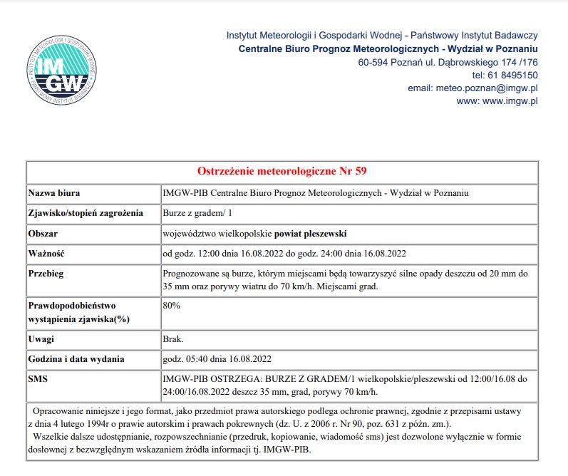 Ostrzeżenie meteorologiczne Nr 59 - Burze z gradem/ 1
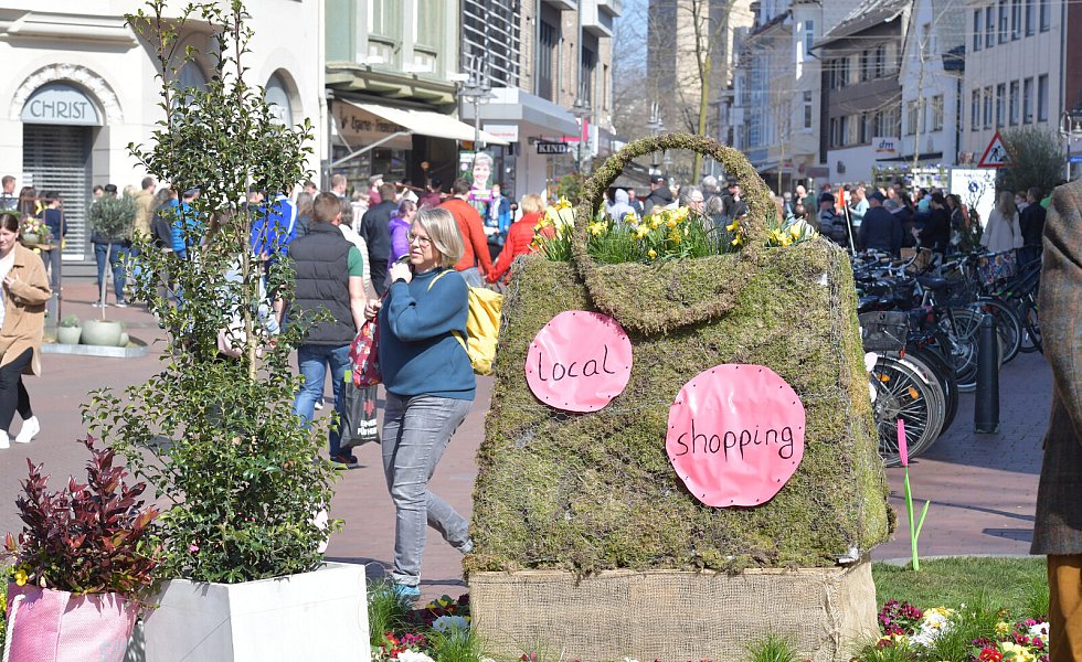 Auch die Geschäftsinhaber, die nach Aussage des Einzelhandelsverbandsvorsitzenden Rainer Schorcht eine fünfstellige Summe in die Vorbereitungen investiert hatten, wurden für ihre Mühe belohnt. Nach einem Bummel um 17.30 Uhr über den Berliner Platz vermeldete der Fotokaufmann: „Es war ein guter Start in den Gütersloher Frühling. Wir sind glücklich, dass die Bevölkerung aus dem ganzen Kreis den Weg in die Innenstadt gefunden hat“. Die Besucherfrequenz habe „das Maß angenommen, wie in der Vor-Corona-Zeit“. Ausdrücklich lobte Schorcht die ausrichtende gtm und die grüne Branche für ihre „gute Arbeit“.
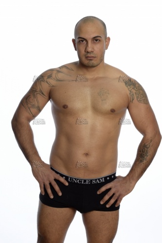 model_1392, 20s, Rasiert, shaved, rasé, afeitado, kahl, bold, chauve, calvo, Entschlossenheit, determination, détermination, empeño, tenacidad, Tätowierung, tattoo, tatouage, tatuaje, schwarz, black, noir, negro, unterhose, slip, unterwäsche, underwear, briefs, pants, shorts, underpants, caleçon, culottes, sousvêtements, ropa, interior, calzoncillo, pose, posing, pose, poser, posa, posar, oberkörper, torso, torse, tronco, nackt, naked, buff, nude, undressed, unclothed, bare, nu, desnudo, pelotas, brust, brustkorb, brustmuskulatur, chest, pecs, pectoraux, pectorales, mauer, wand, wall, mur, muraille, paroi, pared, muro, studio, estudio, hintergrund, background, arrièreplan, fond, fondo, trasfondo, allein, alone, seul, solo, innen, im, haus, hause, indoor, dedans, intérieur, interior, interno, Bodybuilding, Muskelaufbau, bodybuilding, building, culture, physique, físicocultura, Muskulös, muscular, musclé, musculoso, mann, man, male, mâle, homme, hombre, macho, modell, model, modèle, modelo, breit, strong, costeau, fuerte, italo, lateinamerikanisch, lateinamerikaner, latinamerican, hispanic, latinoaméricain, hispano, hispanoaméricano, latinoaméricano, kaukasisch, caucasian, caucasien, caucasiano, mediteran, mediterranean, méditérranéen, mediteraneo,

________________________

PROBLEM TO WORK ON:
Your reply should hold every line above exactly as written and none of the pictures.

FINISHED TASK:
 Ostrzeżenie meteorologiczne Nr 59 - Burze z gradem/ 1
 Auch die Geschäftsinhaber, die nach Aussage des Einzelhandelsverbandsvorsitzenden Rainer Schorcht eine fünfstellige Summe in die Vorbereitungen investiert hatten, wurden für ihre Mühe belohnt. Nach einem Bummel um 17.30 Uhr über den Berliner Platz vermeldete der Fotokaufmann: „Es war ein guter Start in den Gütersloher Frühling. Wir sind glücklich, dass die Bevölkerung aus dem ganzen Kreis den Weg in die Innenstadt gefunden hat“. Die Besucherfrequenz habe „das Maß angenommen, wie in der Vor-Corona-Zeit“. Ausdrücklich lobte Schorcht die ausrichtende gtm und die grüne Branche für ihre „gute Arbeit“.
 model_1392, 20s, Rasiert, shaved, rasé, afeitado, kahl, bold, chauve, calvo, Entschlossenheit, determination, détermination, empeño, tenacidad, Tätowierung, tattoo, tatouage, tatuaje, schwarz, black, noir, negro, unterhose, slip, unterwäsche, underwear, briefs, pants, shorts, underpants, caleçon, culottes, sousvêtements, ropa, interior, calzoncillo, pose, posing, pose, poser, posa, posar, oberkörper, torso, torse, tronco, nackt, naked, buff, nude, undressed, unclothed, bare, nu, desnudo, pelotas, brust, brustkorb, brustmuskulatur, chest, pecs, pectoraux, pectorales, mauer, wand, wall, mur, muraille, paroi, pared, muro, studio, estudio, hintergrund, background, arrièreplan, fond, fondo, trasfondo, allein, alone, seul, solo, innen, im, haus, hause, indoor, dedans, intérieur, interior, interno, Bodybuilding, Muskelaufbau, bodybuilding, building, culture, physique, físicocultura, Muskulös, muscular, musclé, musculoso, mann, man, male, mâle, homme, hombre, macho, modell, model, modèle, modelo, breit, strong, costeau, fuerte, italo, lateinamerikanisch, lateinamerikaner, latinamerican, hispanic, latinoaméricain, hispano, hispanoaméricano, latinoaméricano, kaukasisch, caucasian, caucasien, caucasiano, mediteran, mediterranean, méditérranéen, mediteraneo,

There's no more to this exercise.